* DATA SHOWN:
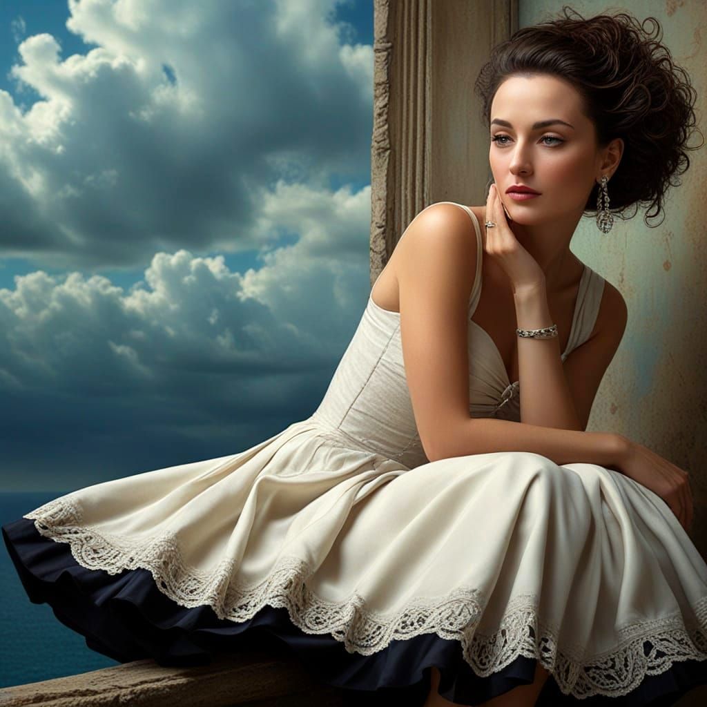 surrealistic full-height image of a charming elegantly dressed 40-year-old lady, photographically rendered beautiful face, open warm expression, graceful natural dynamic posture, in fantastic surreal surroundings against stunning fantastic surrealistic background by Andy Kehoe, Salvador Dali, Catrin ...
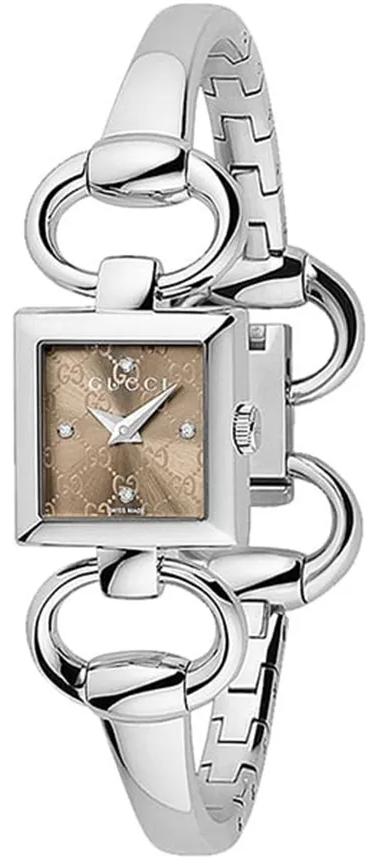 Chất liệu: Vỏ thép không gỉ hình vuông đánh bóng. Hình dạng vỏ: Tròn. Màu mặt số: Mặt số màu nâu/đồng với kim tông màu bạc và 4 vạch chỉ giờ bằng kim cương (0,01 carat). Bộ máy: Thạch anh Thụy Sĩ. Chức năng: Giờ, Phút. Chất liệu pha lê: Sapphire - Chống phản quang. Chiều dài vỏ: 19,0 mm. Chiều dài vỏ bao gồm cả vấu: 28 mm. Chiều rộng vỏ: 19,0 mm. Độ dày vỏ: 6,0 mm. Chất liệu vành bezel: Thép không gỉ. Chức năng vành bezel: Cố định. Khối lượng: 39,0 g. Khả năng chống nước: 30m / 100ft (không thích hợp để tiếp xúc lâu với nước, ví dụ như bơi lội, tắm). Chất liệu núm vặn: Thép không gỉ, có khía với logo GUCCI. Độ dày núm vặn: 2,50. Đường kính núm vặn: 3,92 mm. Chiều rộng dây đeo đồng hồ: 5,25 - 18,25 mm. Dây đeo Độ dày: 4.0 mm
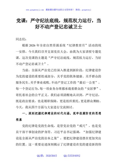 / 党课:严守纪法底线,规范权力运行,当好不动产登记忠诚卫士

* TASK: Write out the material above exactly. Skip the pictures.

* ANSWER SECTION:
 surrealistic full-height image of a charming elegantly dressed 40-year-old lady, photographically rendered beautiful face, open warm expression, graceful natural dynamic posture, in fantastic surreal surroundings against stunning fantastic surrealistic background by Andy Kehoe, Salvador Dali, Catrin ...
 Chất liệu: Vỏ thép không gỉ hình vuông đánh bóng. Hình dạng vỏ: Tròn. Màu mặt số: Mặt số màu nâu/đồng với kim tông màu bạc và 4 vạch chỉ giờ bằng kim cương (0,01 carat). Bộ máy: Thạch anh Thụy Sĩ. Chức năng: Giờ, Phút. Chất liệu pha lê: Sapphire - Chống phản quang. Chiều dài vỏ: 19,0 mm. Chiều dài vỏ bao gồm cả vấu: 28 mm. Chiều rộng vỏ: 19,0 mm. Độ dày vỏ: 6,0 mm. Chất liệu vành bezel: Thép không gỉ. Chức năng vành bezel: Cố định. Khối lượng: 39,0 g. Khả năng chống nước: 30m / 100ft (không thích hợp để tiếp xúc lâu với nước, ví dụ như bơi lội, tắm). Chất liệu núm vặn: Thép không gỉ, có khía với logo GUCCI. Độ dày núm vặn: 2,50. Đường kính núm vặn: 3,92 mm. Chiều rộng dây đeo đồng hồ: 5,25 - 18,25 mm. Dây đeo Độ dày: 4.0 mm
 / 党课:严守纪法底线,规范权力运行,当好不动产登记忠诚卫士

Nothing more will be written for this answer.